Activity
The lines below starting at the line containing "2年生が、明日の給食の準備として、たけのこの皮むき作業をしてくれました。" and ending at the line containing "وأضاف أحمد شوبير" are to be repeated exactly, with both ends kept and nothing else added.

Data supplied
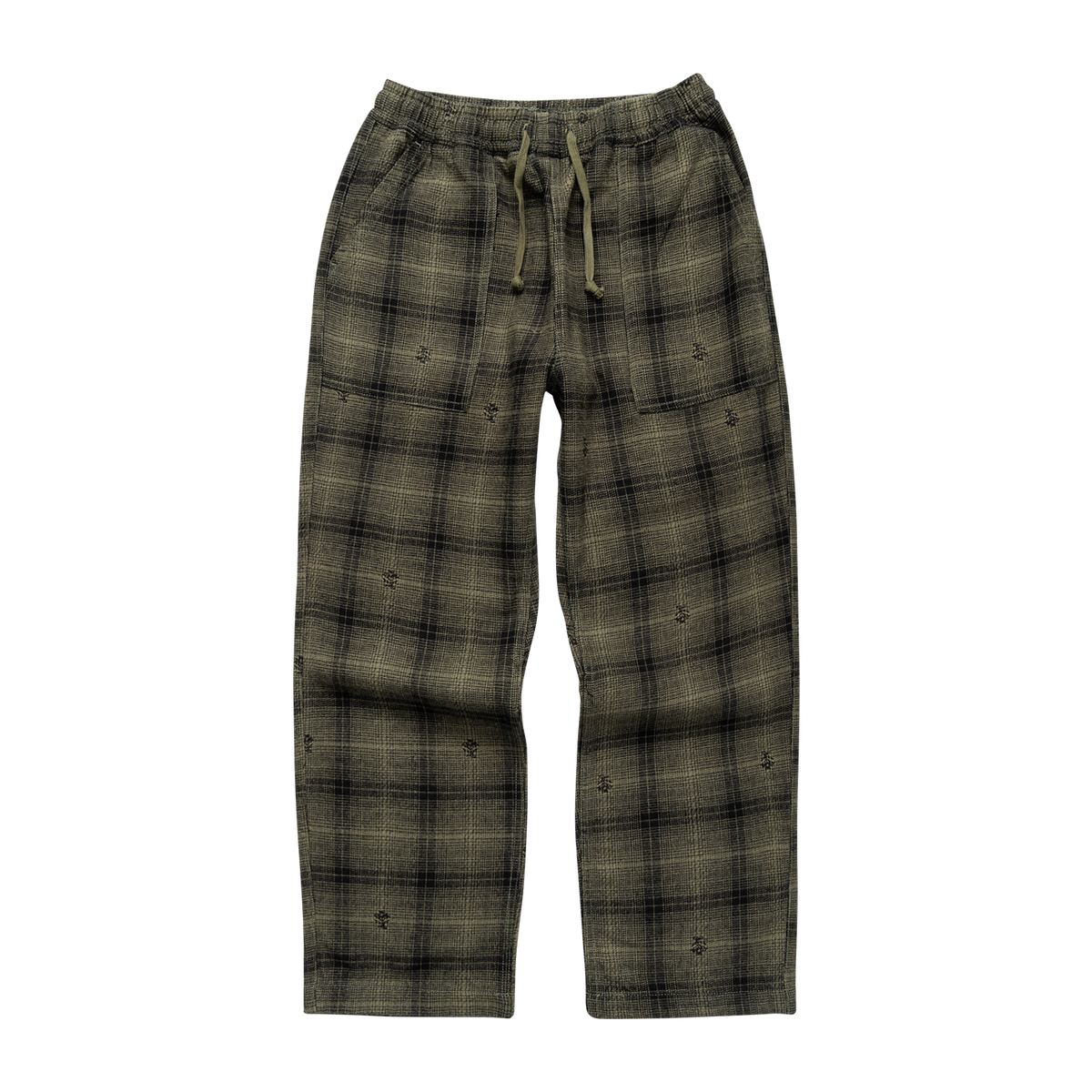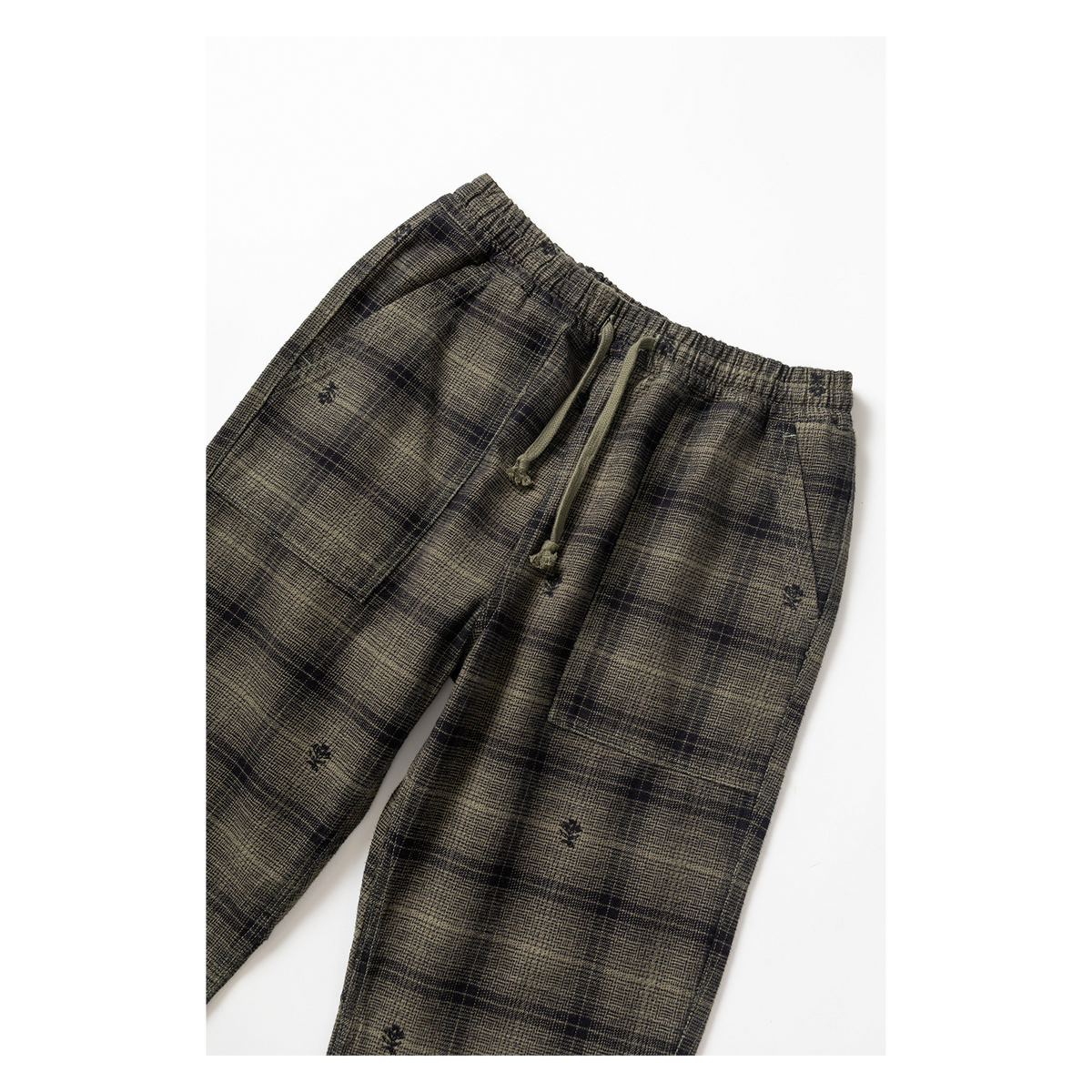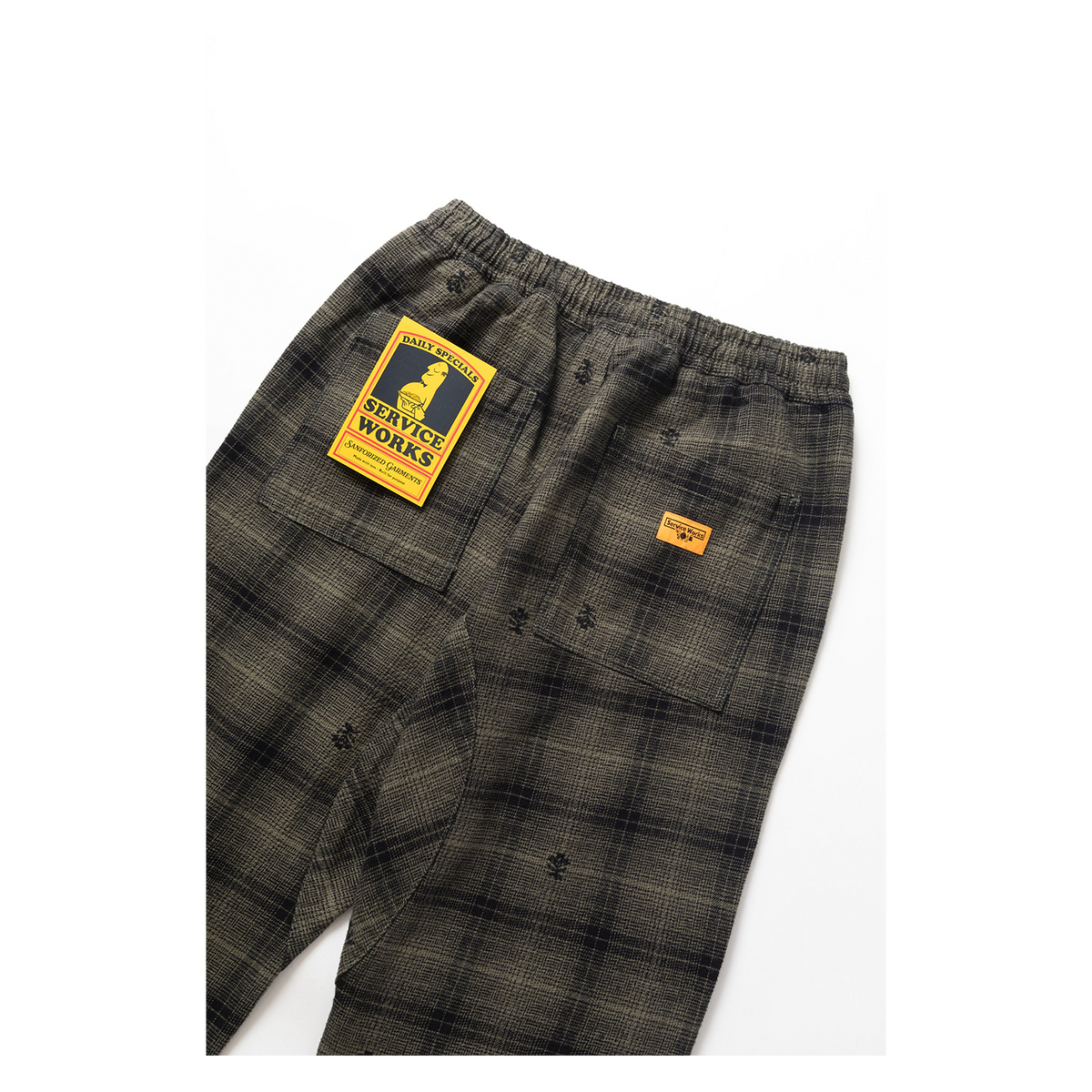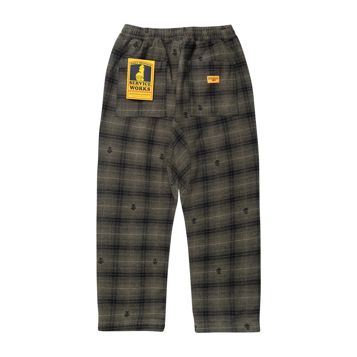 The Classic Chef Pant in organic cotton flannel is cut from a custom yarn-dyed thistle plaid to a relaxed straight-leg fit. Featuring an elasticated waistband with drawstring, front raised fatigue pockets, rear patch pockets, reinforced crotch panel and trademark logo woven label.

...

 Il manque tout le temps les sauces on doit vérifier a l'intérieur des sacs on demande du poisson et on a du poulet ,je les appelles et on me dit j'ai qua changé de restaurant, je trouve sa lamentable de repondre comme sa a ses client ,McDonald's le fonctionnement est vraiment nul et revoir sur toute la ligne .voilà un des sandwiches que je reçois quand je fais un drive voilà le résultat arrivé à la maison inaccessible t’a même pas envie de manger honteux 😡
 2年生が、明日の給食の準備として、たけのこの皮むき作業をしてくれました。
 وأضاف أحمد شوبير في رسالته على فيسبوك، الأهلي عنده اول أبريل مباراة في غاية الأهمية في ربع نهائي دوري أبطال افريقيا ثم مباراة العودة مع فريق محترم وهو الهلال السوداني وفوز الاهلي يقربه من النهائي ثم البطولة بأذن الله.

Exercise answer
 2年生が、明日の給食の準備として、たけのこの皮むき作業をしてくれました。
 وأضاف أحمد شوبير في رسالته على فيسبوك، الأهلي عنده اول أبريل مباراة في غاية الأهمية في ربع نهائي دوري أبطال افريقيا ثم مباراة العودة مع فريق محترم وهو الهلال السوداني وفوز الاهلي يقربه من النهائي ثم البطولة بأذن الله.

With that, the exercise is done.